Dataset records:
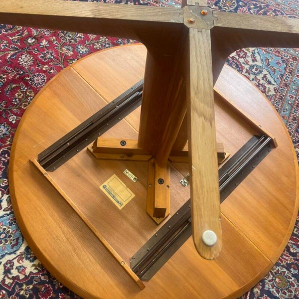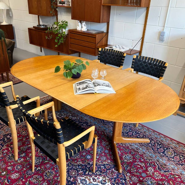 Eikenhouten Deense ronde eettafel, verlengbaar naar een lange ovaal met 2 losse verlengdelen.
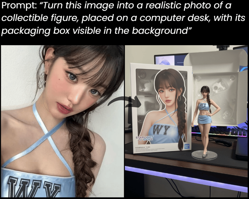 Creative Transformations: You can prompt it to restore an old, blurry photo to stunning quality or even turn a real person into a realistic 3D collectible figure.
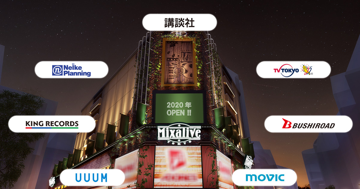 La maison d'édition Kodansha a annoncé vendredi l'ouverture d'une salle de divertissement de neuf étages, appelée le Mixalive TOKYO, à Ikebukuro, le 19 mars prochain. Le bâtiment pourra accueillir des événements « live » pour des mangas, romans, livres pour enfants, ouvrages pratiques, et différents magazines. Le bâtiment sera partagé entre la maison d'édition, King Records, TV Tokyo, Nelke Planning, Bushiroad, MOVIC, et UUUM.
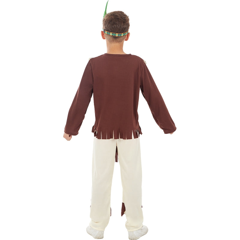 Le costume exclusif de Indien Sioux pour enfants comprend : T-shirt, pantalon et bandeau | Ce tenue d'enfant imitant Guerrier indien Sioux est disponible en 4 tailles différentes.
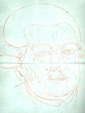 Kopija izgatavota, zīmējuma kontūras caurdurot ar adatu un punktus savienojot ar zīmuli
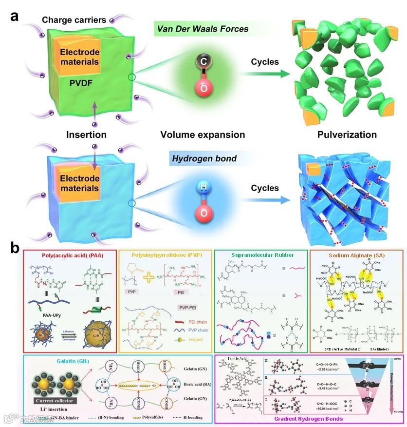 图9. HB对粘结剂的化学作用综述。(a) HB粘结剂抑制电极材料粉碎效果示意图。(b) PAA、PVP、SR、SA、GN和梯度粘结剂几种不同类型HB粘结剂的形成过程和作用机理。
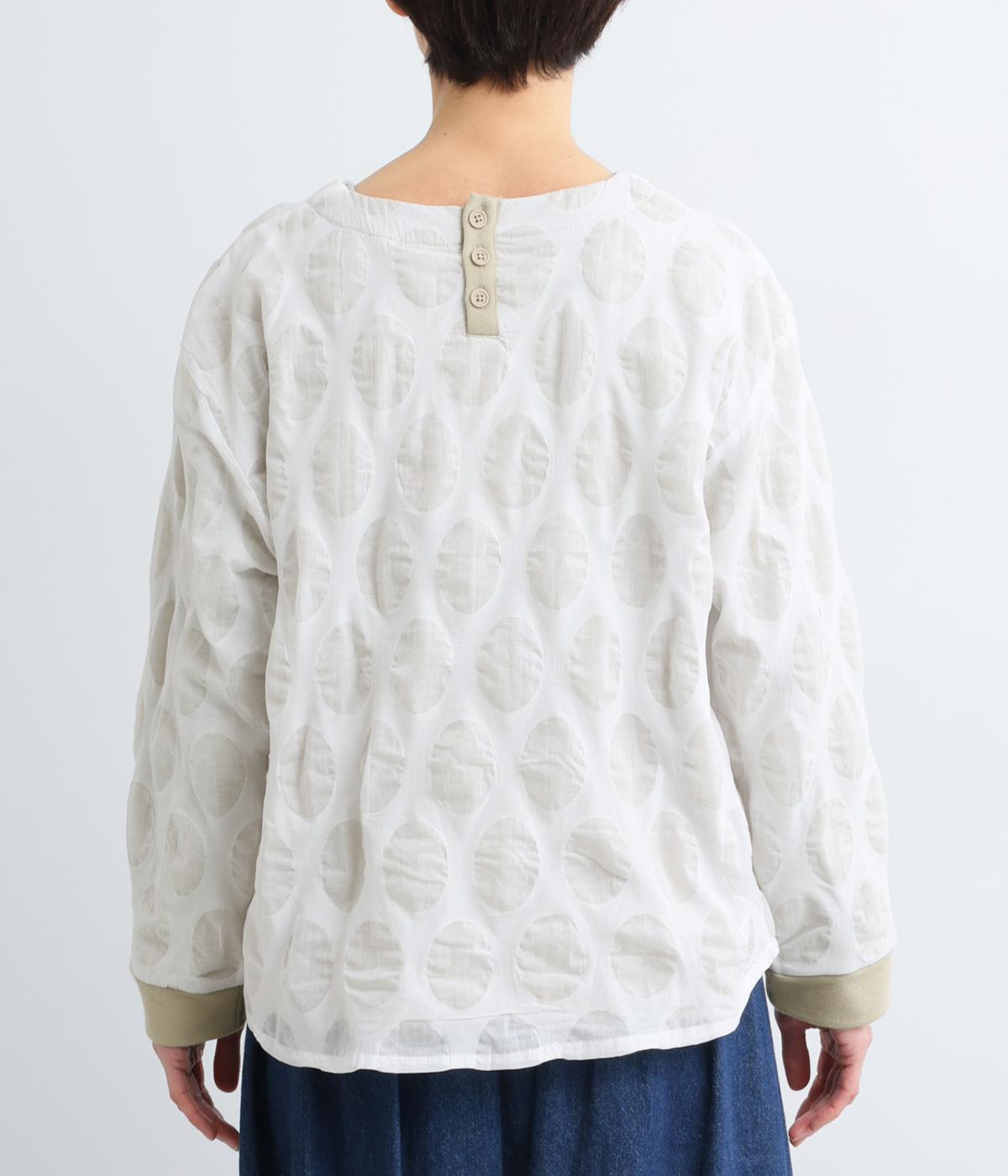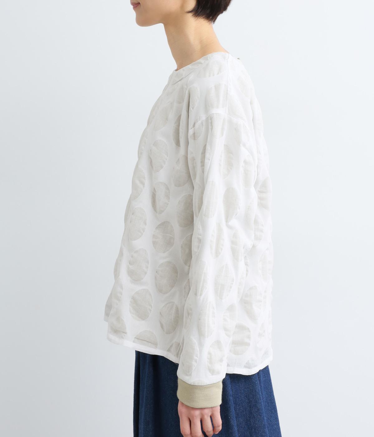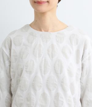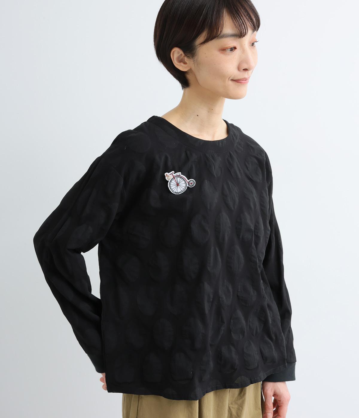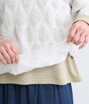 異素材を組みわせたレイヤード仕立てのプルオーバー。塩縮ドットの透け感で2枚重ねも重たく見えず、奥行きのある仕上がりに。後ろボタンあきで頭の通りもスムーズです。付属の自転車ブローチをアクセントに添えて。
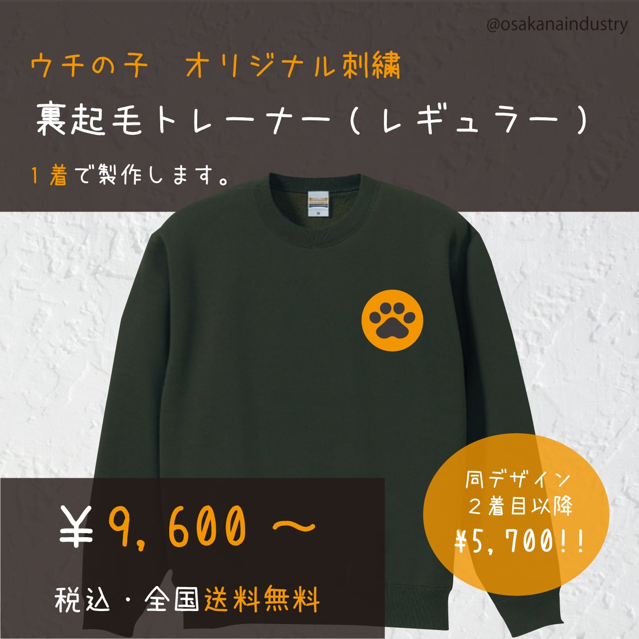オリジナル刺繍裏起毛トレーナー(レギュラー)製作
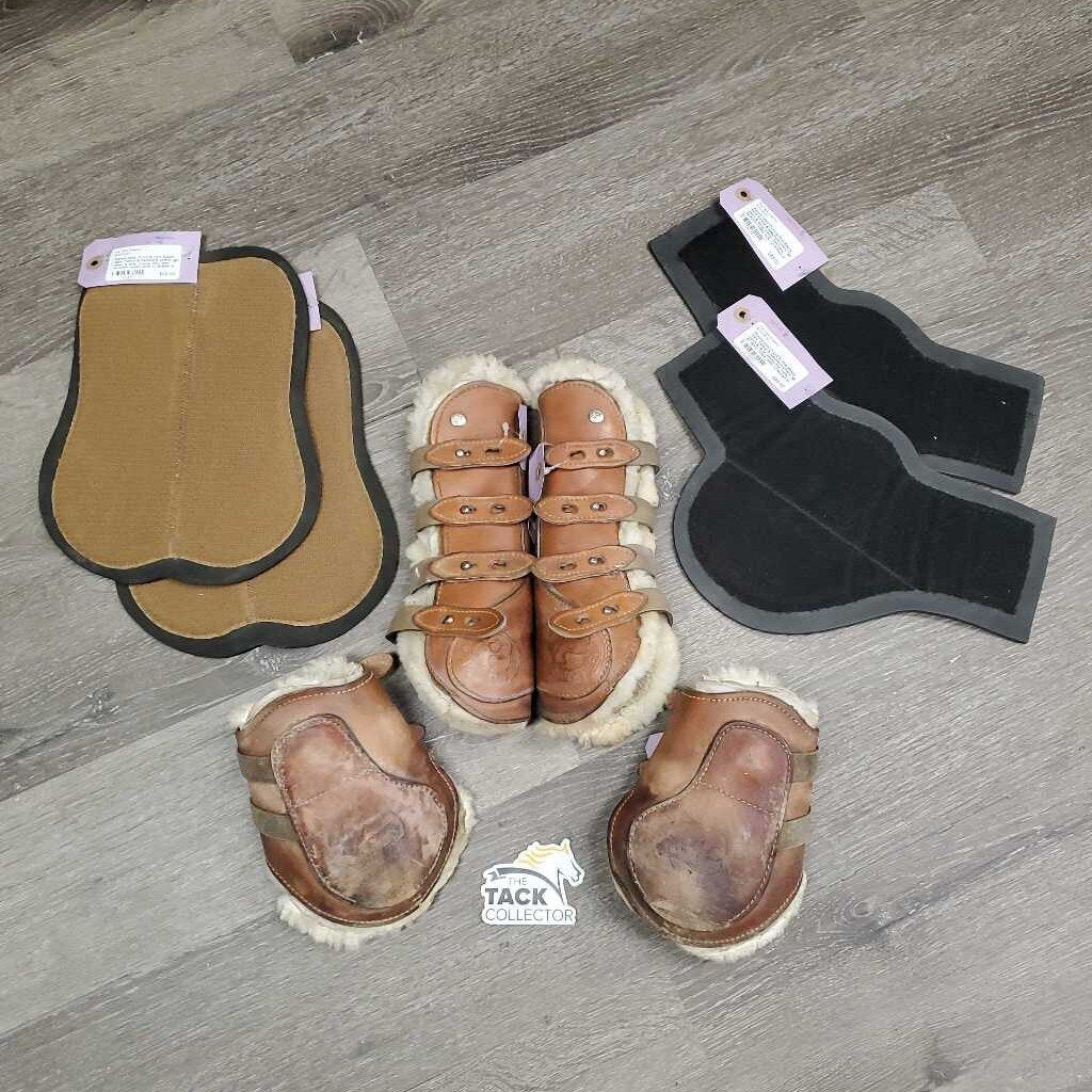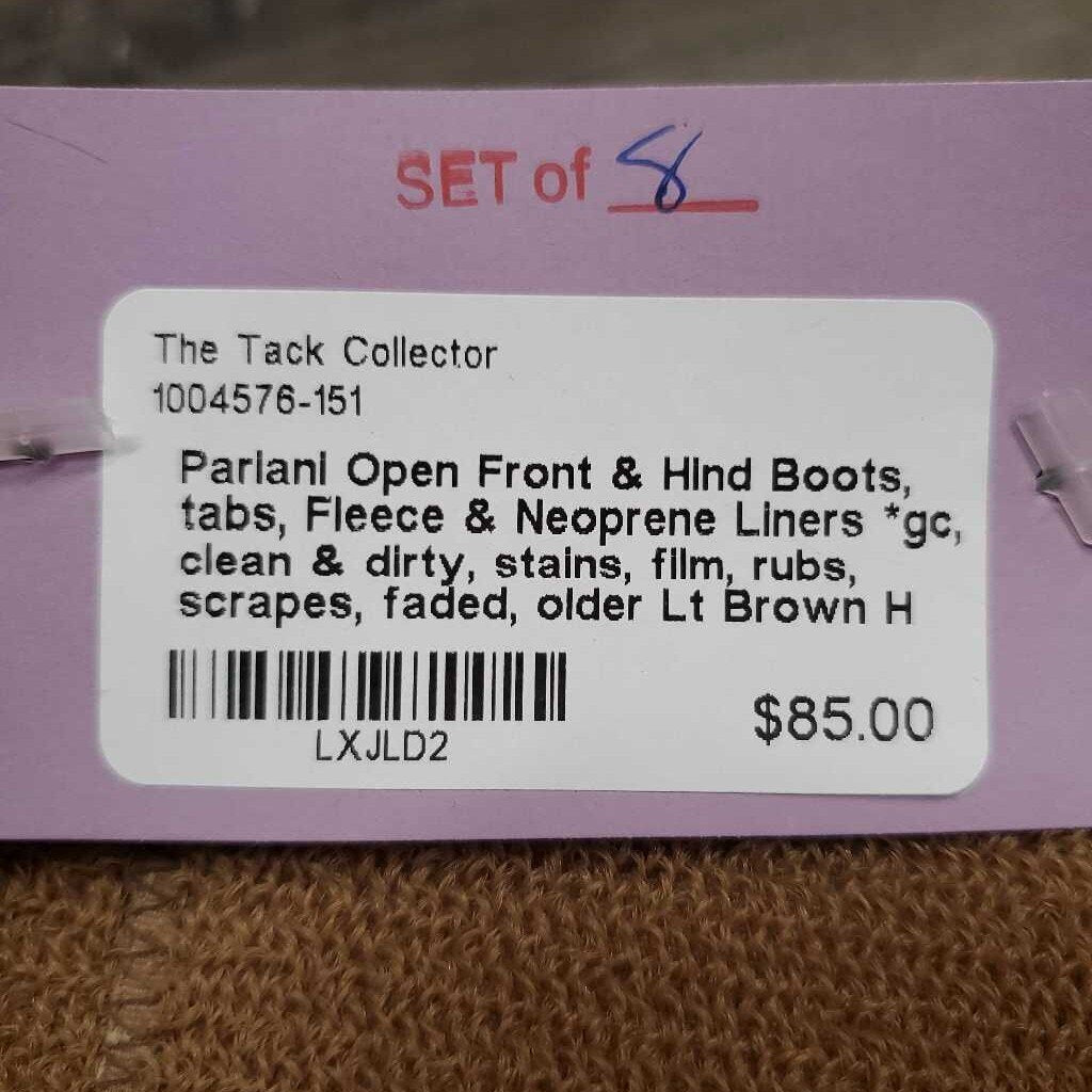 Open Front & Hind Boots, tabs, Fleece & Neoprene Liners *gc, clean & dirty, stains, film, rubs, scrapes, faded, older

DIRECTIONS FOR THIS TASK. All of the entries above are to be written out exactly, with no pictures.

SOLUTION FOR THIS PROBLEM.
 Eikenhouten Deense ronde eettafel, verlengbaar naar een lange ovaal met 2 losse verlengdelen.
 Creative Transformations: You can prompt it to restore an old, blurry photo to stunning quality or even turn a real person into a realistic 3D collectible figure.
 La maison d'édition Kodansha a annoncé vendredi l'ouverture d'une salle de divertissement de neuf étages, appelée le Mixalive TOKYO, à Ikebukuro, le 19 mars prochain. Le bâtiment pourra accueillir des événements « live » pour des mangas, romans, livres pour enfants, ouvrages pratiques, et différents magazines. Le bâtiment sera partagé entre la maison d'édition, King Records, TV Tokyo, Nelke Planning, Bushiroad, MOVIC, et UUUM.
 Le costume exclusif de Indien Sioux pour enfants comprend : T-shirt, pantalon et bandeau | Ce tenue d'enfant imitant Guerrier indien Sioux est disponible en 4 tailles différentes.
 Kopija izgatavota, zīmējuma kontūras caurdurot ar adatu un punktus savienojot ar zīmuli
 图9. HB对粘结剂的化学作用综述。(a) HB粘结剂抑制电极材料粉碎效果示意图。(b) PAA、PVP、SR、SA、GN和梯度粘结剂几种不同类型HB粘结剂的形成过程和作用机理。
 異素材を組みわせたレイヤード仕立てのプルオーバー。塩縮ドットの透け感で2枚重ねも重たく見えず、奥行きのある仕上がりに。後ろボタンあきで頭の通りもスムーズです。付属の自転車ブローチをアクセントに添えて。
オリジナル刺繍裏起毛トレーナー(レギュラー)製作
 Open Front & Hind Boots, tabs, Fleece & Neoprene Liners *gc, clean & dirty, stains, film, rubs, scrapes, faded, older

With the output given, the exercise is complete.